Love Living, Quit Hating, Everyone Relating

Commitment

In Uncategorized on October 21, 2010 at 8:00 am

 written by Swag  

Maybe it’s because I am close to the end of a particular stage in my life. Maybe it’s because I’m getting older. Maybe I am just ready. I’m not quite sure yet but I’ve been thinking about the idea of commitment much more frequently lately.

It has recently dawned on me that I don’t really understand what commitment is. I mean, you can be committed to having a good time with your partner but that doesn’t mean you are committed to staying with them for the long haul. If I am committed to the relationship, am I obligated to stay with someone who isn’t good for me? Am I obligated to stay in an unhealthy relationship?

For me to truly be committed in any relationship, I have to be committed to the growth of that relationship. I have realized that every relationship has its hiccups. Every couple has to deal with conflict in some form. I have also realized that conflict isn’t inherently bad. It can lead two committed individuals to more equal footing, to more stable trust, and to more intimate encounters. This is, of course, if the conflict is resolved in a positive manner.

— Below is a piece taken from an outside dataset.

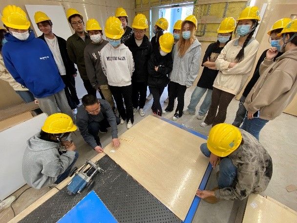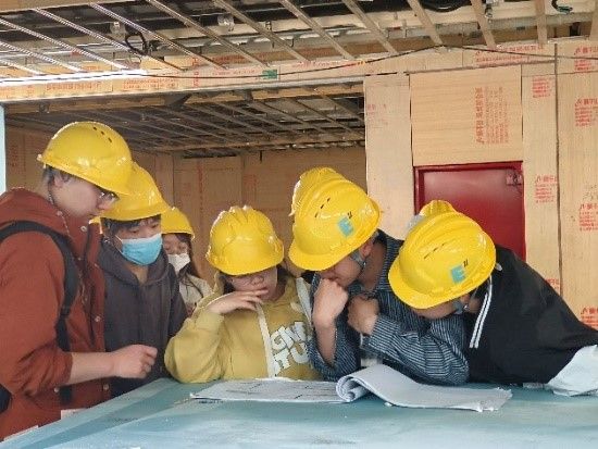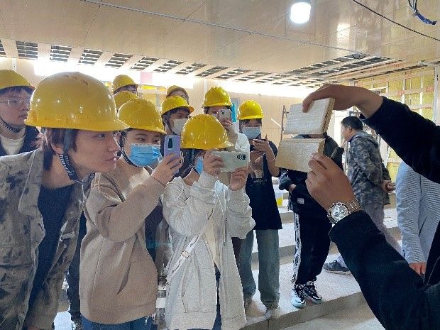 紧扣“以学生为中心”的应用型人才培养定位,基建处与艾德艺术设计学院紧密协同,打造景观设计、室内装饰设计、材料选择系列工地教学实践课程,期望共同在建筑工地开出教育之花。

In my eyes committment is actually a motivator. It’s based on a mutual acknowledgement of a desire to be better tomorrow than you are today with your significant other rather than without them.

Mutual Acknowledgement

Are my partner and I able to acknowledge our commitment towards a better future? Are we dealing with unequal commitment levels? Unfortunately, emotional investment is not directly correlated with commitment. For some people emotional investment occurs at an astonishing pace. They fall hard and they fall fast. They over invest, very quickly, in order to display and elicit a commitment level that has not yet manifested. While attempting to get their partners commit, individuals, who invest too soon, also work hard to convince themselves that they are committed. Rather than being committed to the growth of the relationship from an honest, trusting, and intimate standpoint, they are committed only to their fantasy of a relationship. A fantasy that usually does not involve any conflict or personal change. People dealing with this issue are usually seeking some form of permanent acknowledgement of their worthiness. A relationship is the best answer they have for the question: “How do I get love?”

Mutual acknowledgment is necessary because both individuals need to be willing to do what it takes to grow up as a person for the benefit of the relationship.

An “Us/We” perspective

Baby, I just got a raise. Now I can get that motorcycle I want.

Baby, we just got a raise. Now we can afford to buy a house.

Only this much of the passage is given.